:: PROBLEM DETAILS ::
Write out exactly the lines from the one that contains "- 謙信公シート(バックネット裏1名)一般 8,000円、市民割 5,000円" down to the last line of the material below, keeping both ends and omitting pictures.

:: SUPPLIED DATA ::
##########

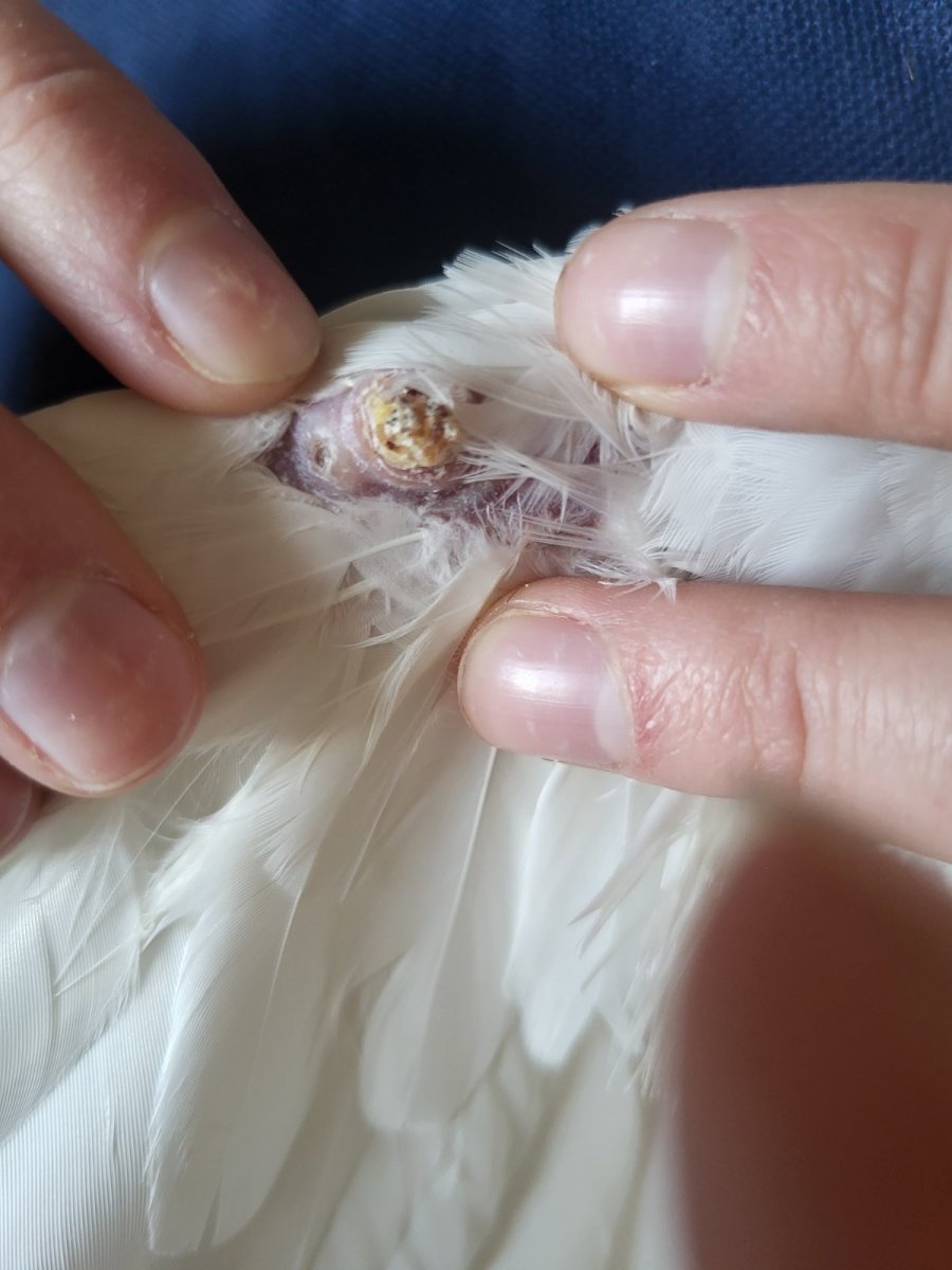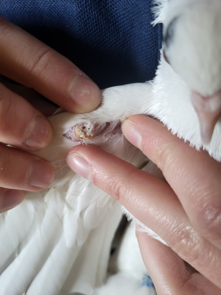 Доброго времяни суток. На днях заметила, что моя домашняя голубка перестала летать, сидит в основном, дремлет, мало двигается. Аппетит хороший. Помет, в принципе, тоже не плохой. Горлышко чистое, наростов не обнаружено. Летать может, но слабо, только если подкинуть её. После того, как полежит, встаёт не резво, будто с трудом. Передвигается медленно Предположительно такое состояние у неё началось больше недели назад. На суставе крыла обнаружила такую засохшую шишку. Так же показались суставы лапок чуть увеличенны в размерах. Каждую вторую - третью неделю курсом 7 дней даю ей витамины (фото прикрепила), тк она пару недель назад выстдивала яйца, но они были пустые. Последнее яйцо было с жёлтом, но оно было обнаружено уже разбитым на полу. Живёт она на застеклённом балконе с самцом, места им там хватает, чтоб двигаться. Подскажите пожалуйста, что это может быть? Ушиб? Проблемы с суставами? Может из-за того, что яйца высиживала иммунитет снизился?
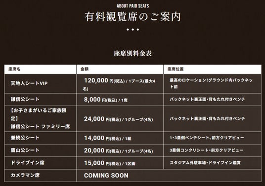 - 謙信公シート(バックネット裏1名)一般 8,000円、市民割 5,000円
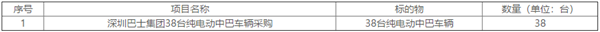 深圳巴士集团38台纯电动中巴车辆采购招标公告

##########

:: SOLUTION ::
 - 謙信公シート(バックネット裏1名)一般 8,000円、市民割 5,000円
 深圳巴士集团38台纯电动中巴车辆采购招标公告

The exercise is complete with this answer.